Their world-historical perspective leads the Bush team to conclude that a window of opportunity has opened in which they can use the US's present military superiority to improve the long term position of US capitalism. September 11 was the occasion for this aggressive foreign policy, but terrorists are not the target. The National Security Strategy warns of the renewal of Great Power rivalry, and specifically warns China that pursuing military power is an "outdated path." Unless, of course, you're Uncle Sam. In this context, it is little wonder that Russia and China see the proposed National Missile Defense system as an attempt to make the US invulnerable to nuclear attack – and thus make nuclear missiles usable. The development of mini-nukes is another attempt to make the use of these weapons acceptable. The war on terror has also gained a string of Central Asian bases for the US – in the former USSR, right next door to China.

Making the world safe for capitalism

But the grand strategy is not only geopolitical – it is also aimed at imposing Anglo-American style capitalism on the world. In the National Security Strategy Bush claims: "The great struggles of the 20th century between liberty and totalitarianism ended with a decisive victory for the forces of freedom – and a single sustainable model for national success: freedom, democracy, and free enterprise." Bush goes on to promise "to create a balance of power that favours human freedom: conditions in which all nations and societies can choose for themselves the rewards and challenges of political and economic liberty." In other words, all nations are free to choose the single model of national success – US style laissez-faire capitalism.

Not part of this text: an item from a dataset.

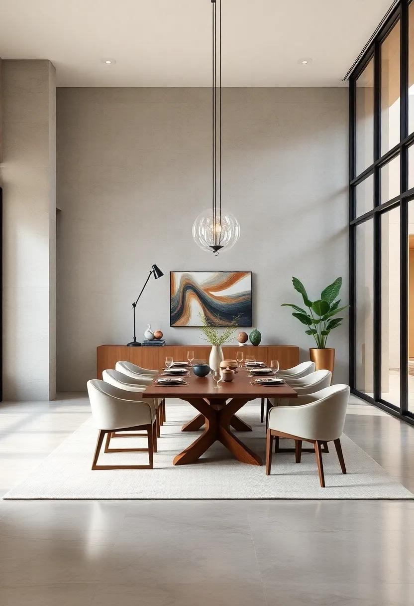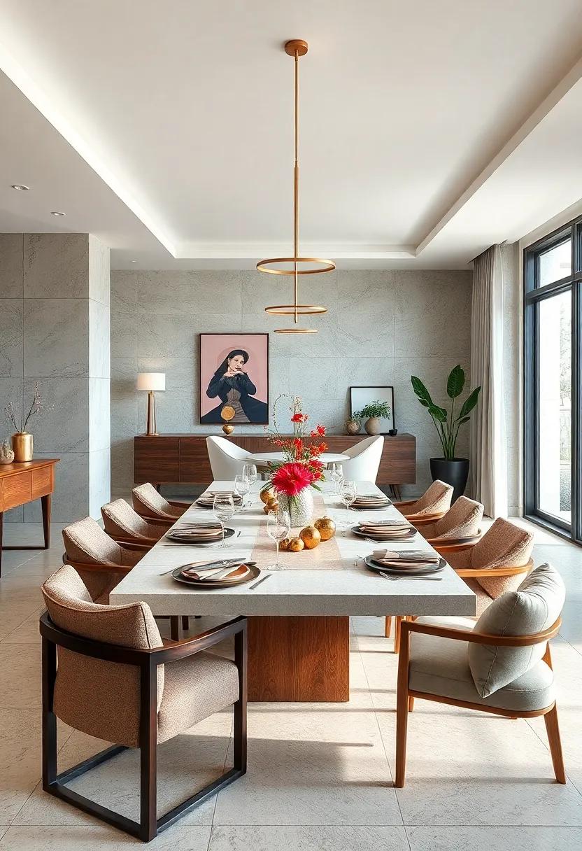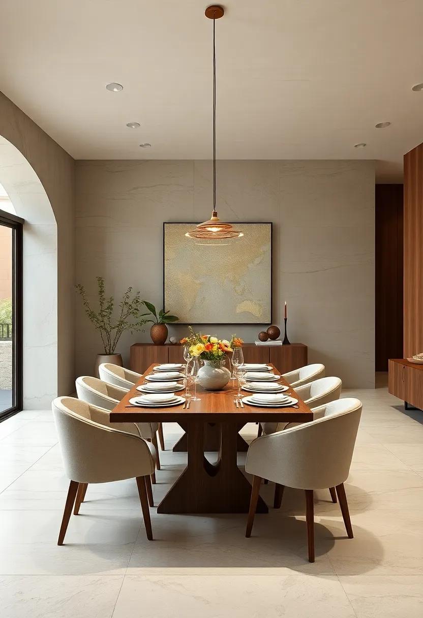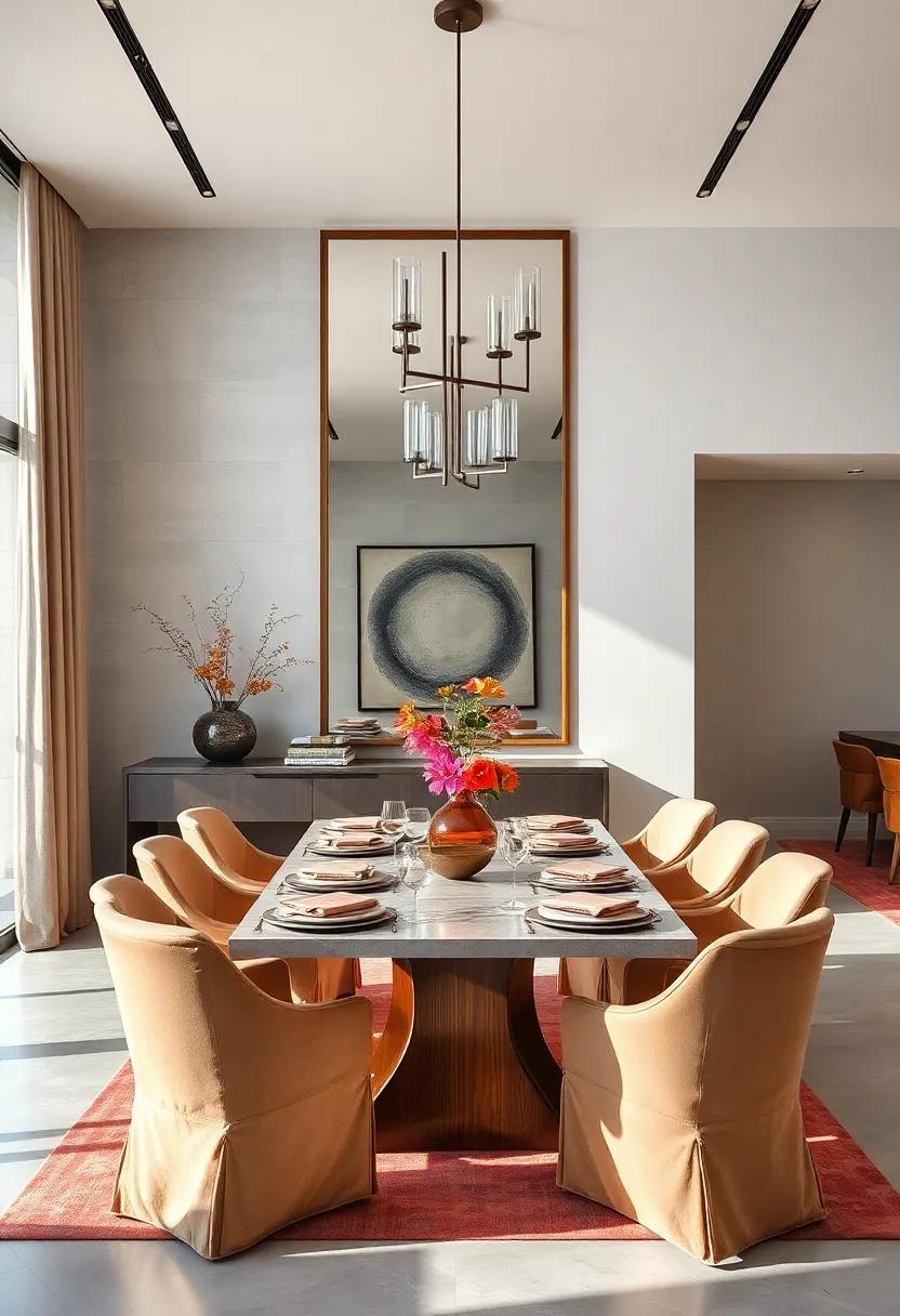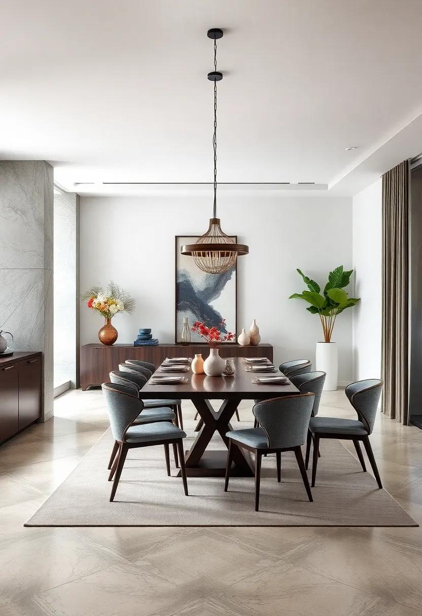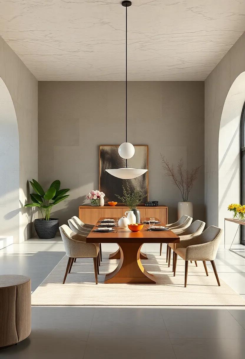 - Statement Lighting fixtures: Oversized pendant lights or sculptural chandeliers serve as focal points, drawing attention to the dining space.

But this economic model is far from neutral; the structure of the world economy since the 1970s has been heavily slanted in favour of the US so that normal market forces reinforce US predominance. Left-liberal economist Robert Wade lists the features that assure US economic supremacy: free capital mobility; free trade (except where it threatens domestic industry); international investment that outlaws favouring national companies; the dollar as the main reserve currency; no constraint on the ability to create dollars (such as a gold link), which allows the US to finance unlimited trade deficits; international lending denominated in US dollars; and the international organisations that monitor the world economy, while they look like international co-operatives, are in fact dependent on US funding.

But it is important not to overstate US dominance. To a certain extent the neoliberal policies provided by US-dominated institutions that run the world economy – the US Treasury-IMF-Wall Street complex – also benefit European and Japanese capitalism. Nor has the productivity of the US "New Economy" taken it "beyond history" as Federal Reserve chairman Alan Greenspan claimed. With the collapse of the 1990s boom it is clear that US productivity was not decisively better than that of its rivals. Indeed, according to the IMF, in 2001 not only Germany and France, but also Italy, had higher output per hour than the US.

The huge US military lead over other powers should not conceal the fact that the economic contest is far more even. This means that current US supremacy is based on fragile and transitory foundations. The current administration is seizing advantage of this lucky conjuncture to try and cement US dominance – but it's a gamble, not a certainty.

Regime change and the politics of oil

But confronting the US's real rivals is not Bush's priority. An invasion of Iraq has two aims: to provide a warning to other states, including potential competitors; and to launch an ambitious program for reordering the entire Middle East. "What people are not grasping here is that after Iraq they have got a long list of countries to blow up," defence consultant John Pike says of Richard Perle and his ilk. "Iraq is not the final chapter, it's the opening chapter." Saudi Arabia, a key US ally, increasingly finds itself alongside traditional US enemy Iran. In July 2002, RAND consultant Laurent Murawiec told the Pentagon's Defence Policy Board that Saudi Arabia was "the kernel of evil," and should be dismembered.

The large number of Saudi nationals involved in the September 11 attacks plays a part in this shift, and though the Bush administration itself skimmed over bin Laden's origins in the Saudi ruling class, others on the Republican right have not been as tactful. Another reason is sharply increased support amongst US conservatives for the state of Israel, which sees Arab states as a threat. Their response to the inability of Israel to placate or destroy Palestinian resistance is to forcibly reshape the Arab world. They hope to spread liberal democracy throughout the Middle East by overthrowing Saddam Hussein, much as the end of the Soviet Union extended the boundaries of liberal capitalism.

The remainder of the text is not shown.